Conditions beyond simple equality
The on expression is just a boolean — anything that returns true/false on a row pair is valid. Range joins, multi-condition joins, inequality joins all work:
# Range join: events that happened during a user's session
sessions.join(
events,
on=(
(sessions["user_id"] == events["user_id"]) &
(events["timestamp"] >= sessions["start"]) &
(events["timestamp"] < sessions["end"])
),
how="inner",
)
Useful, but watch out: only equality predicates can use Spark’s fast hash-join path. Add an inequality and Spark falls back to a sort-merge or, worse, a broadcast nested loop. The job still works, it’s just slower. We’ll see this in .explain() output in lesson 27.
A few practical patterns
Three patterns worth knowing because they show up constantly:
Enrichment. A wide event table joined to a thin dimension table — every event needs to know the country name, not just the country code. Inner join on the dim’s primary key, project the columns you actually need:
events.join(
dim_country.select("country_code", "country_name"),
on="country_code",
how="left",
)
Note the select on the right side. It limits the columns Spark has to carry through the shuffle. Habits like this matter at scale — every column you bring along is bytes on the wire.
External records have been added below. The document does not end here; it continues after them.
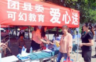 团县委联合可幻英语培训学校为广大考生及其家长免费派送矿泉水
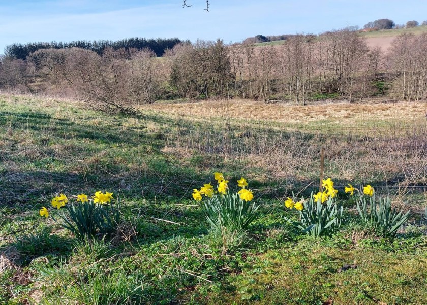 I haven er påskeliljerne sprunget ud – lige til tiden. Påskeliljer er sådan en dejlig blanding af halvvild og haveplante. Mange steder langs med vejene har en fugl på et tidspunkt tabt et frø, og med årene er de frø blevet til klumper af lysende, gule påskeliljer til glæde for alle, der kommer forbi. De lyser op i den ellers så bare natur.
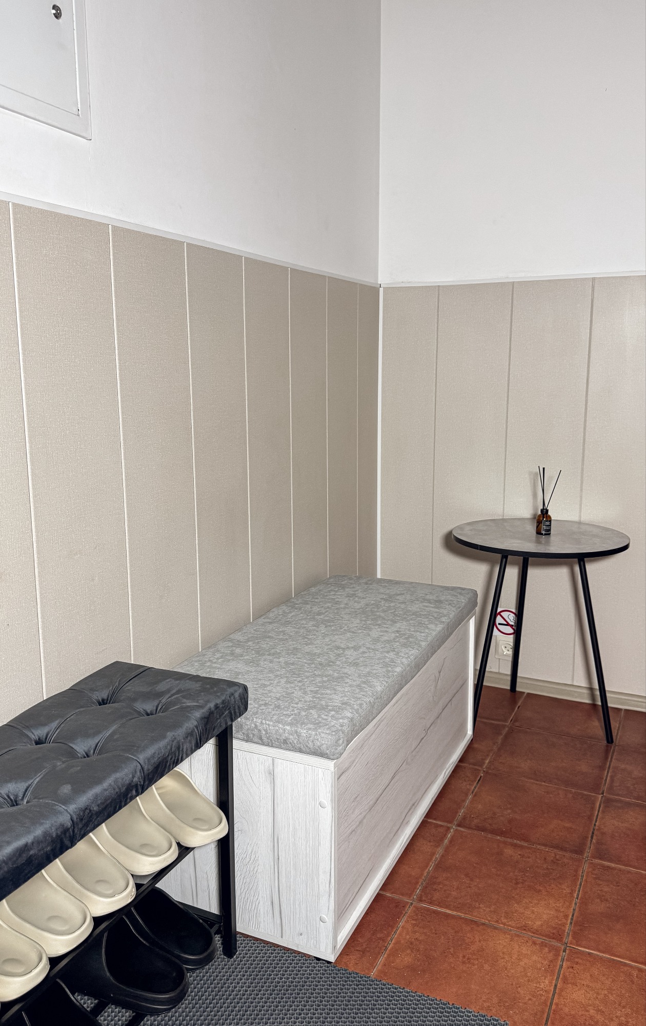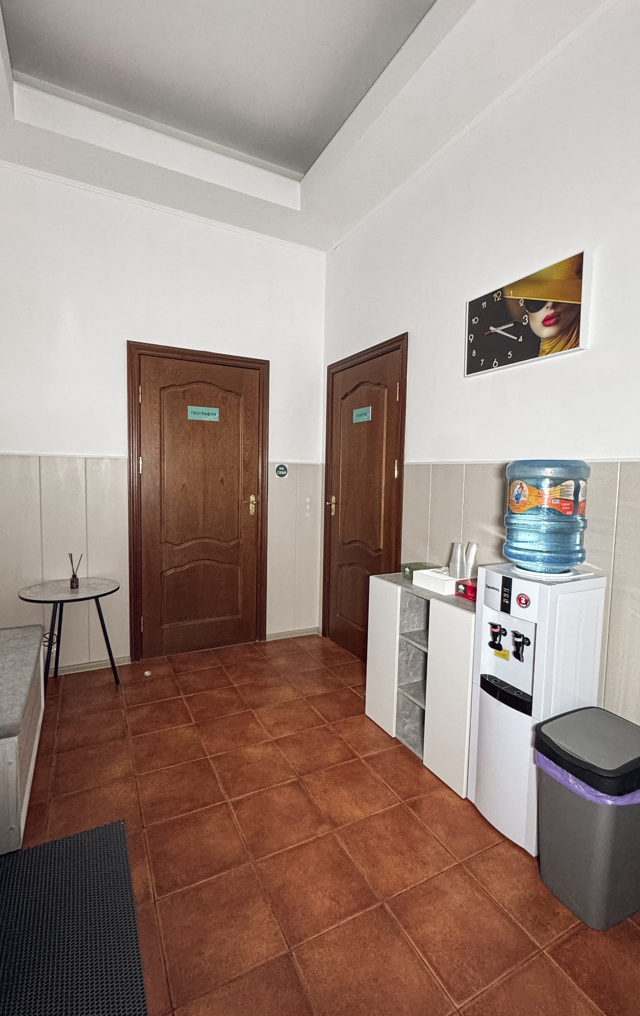- Куллер с холодной и горячей водой, чай - Зона ожидания для гостей с мягким диваном - Штатив для телефона с держателем - Световая лампа на штативе для красивых фотографий - Большое зеркало с лампочками
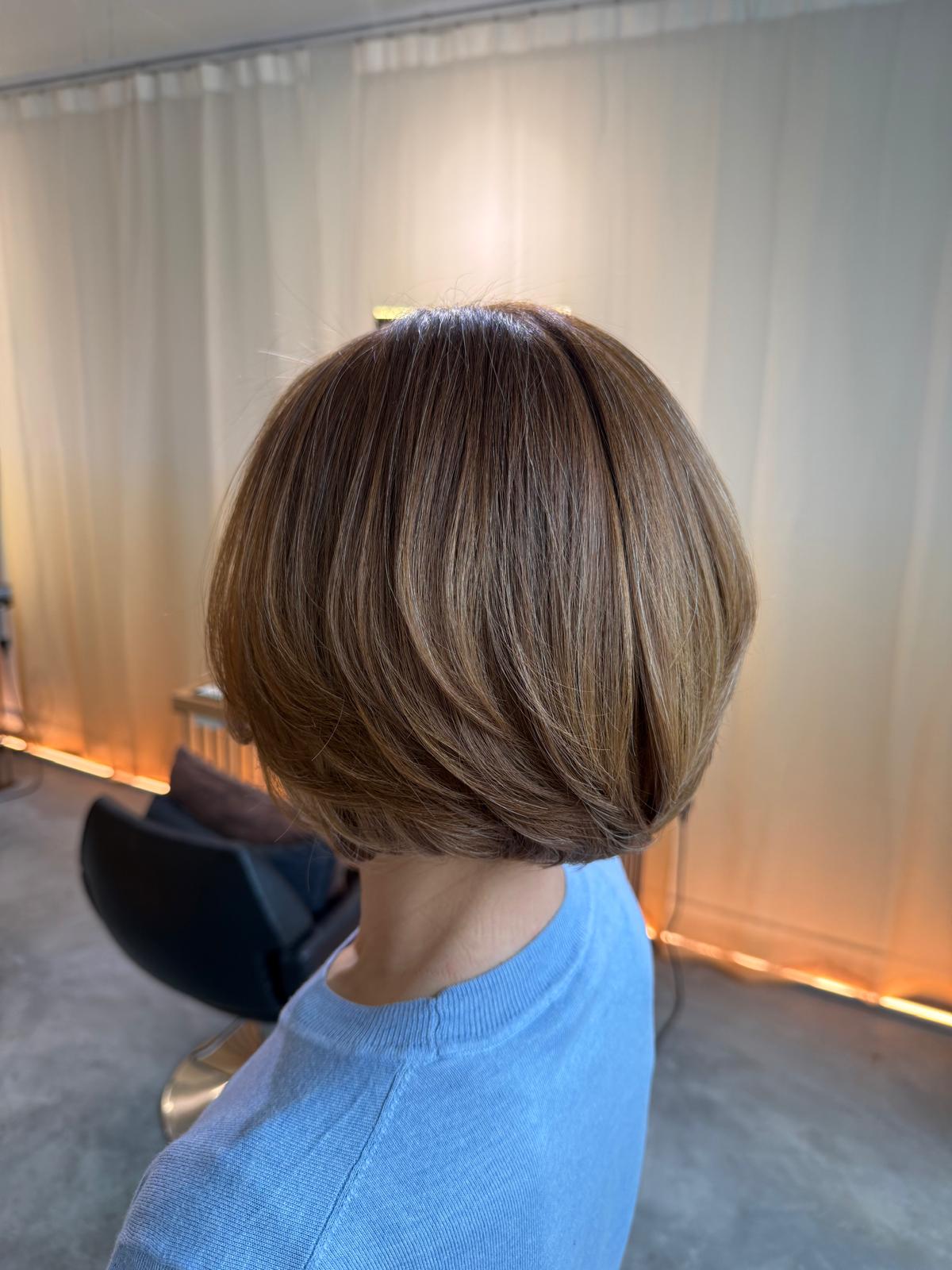 Also known as a soft layered bob or volume control bob, this style can be adjusted depending on hair texture. Maintenance is typically every 1.5–2 months to keep the shape and color fresh.
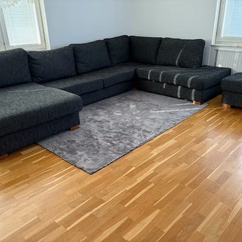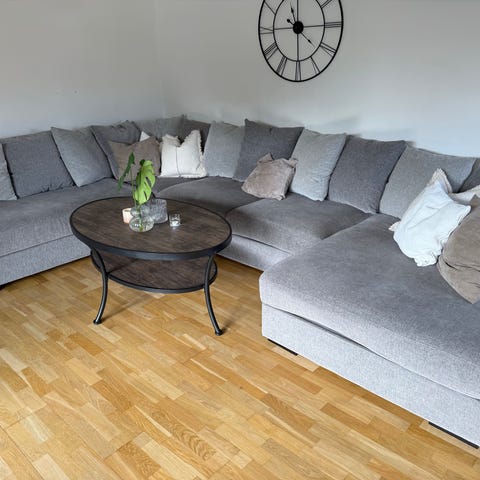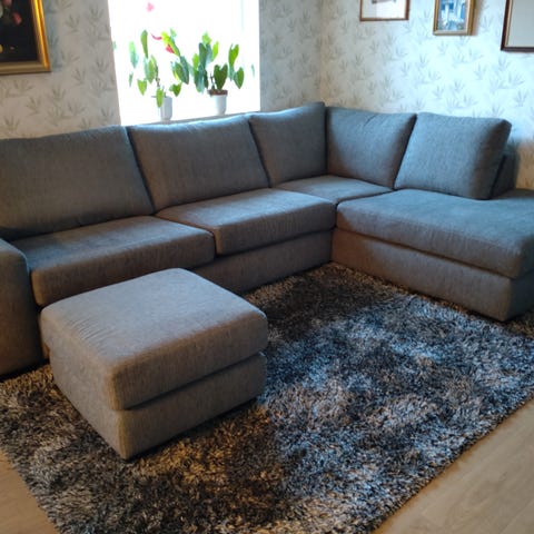 Rymlig mörkgrå soffa. L-formad i ena änden och diagonal i andra änden. När man sitter i den är diagonalen till höger och L formen till vänster.

De-duplication via anti-join. You have a “things processed yesterday” table and “things to process today.” You want today minus yesterday:
today.join(yesterday.select("id"), on="id", how="left_anti")
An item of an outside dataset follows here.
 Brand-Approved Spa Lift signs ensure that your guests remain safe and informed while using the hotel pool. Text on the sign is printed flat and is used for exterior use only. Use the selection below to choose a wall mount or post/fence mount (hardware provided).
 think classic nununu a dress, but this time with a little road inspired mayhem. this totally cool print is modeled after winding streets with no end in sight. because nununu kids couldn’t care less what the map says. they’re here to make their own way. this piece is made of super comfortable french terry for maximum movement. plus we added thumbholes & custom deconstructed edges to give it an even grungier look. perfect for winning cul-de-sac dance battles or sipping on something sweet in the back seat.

Cleaner than the WHERE NOT IN equivalent, and it’s the right tool. NOT IN with nulls in the right-hand side gives surprising results (any null returns no rows); left_anti doesn’t have that footgun.
Existence check via semi. A user is “active” if they appear in both logins_30d and purchases_30d:
active = (logins_30d.select("user_id").distinct()
.join(purchases_30d.select("user_id"), on="user_id", how="left_semi"))
Two distincts, one semi join. No accidental row multiplication, no nulls to worry about.
What’s next
These are the seven joins. The semantics are SQL-shaped and uncontroversial. The interesting question — the one that decides whether your job runs in 30 seconds or 30 minutes — is how Spark physically executes the join. There are three main strategies (broadcast hash join, sort-merge join, shuffle hash join), and Spark picks one based on the size of each side, the join type, and the configuration.
Lesson 27 dives into broadcast joins: when one side is small enough to send everywhere, you skip the shuffle entirely and joins get cheap. Lesson 28 covers what happens when one side has a key with 100x the rows of the others — the dreaded skew problem. Lesson 29 covers salting, the standard fix.
For now, the right mental model is: write the join the way you’d write SQL, pick the right how, and avoid the duplicate-column trap. Performance comes next.
References: Apache Spark SQL documentation on join types and DataFrame join API; Databricks engineering blog posts on join strategies. Retrieved 2026-05-01.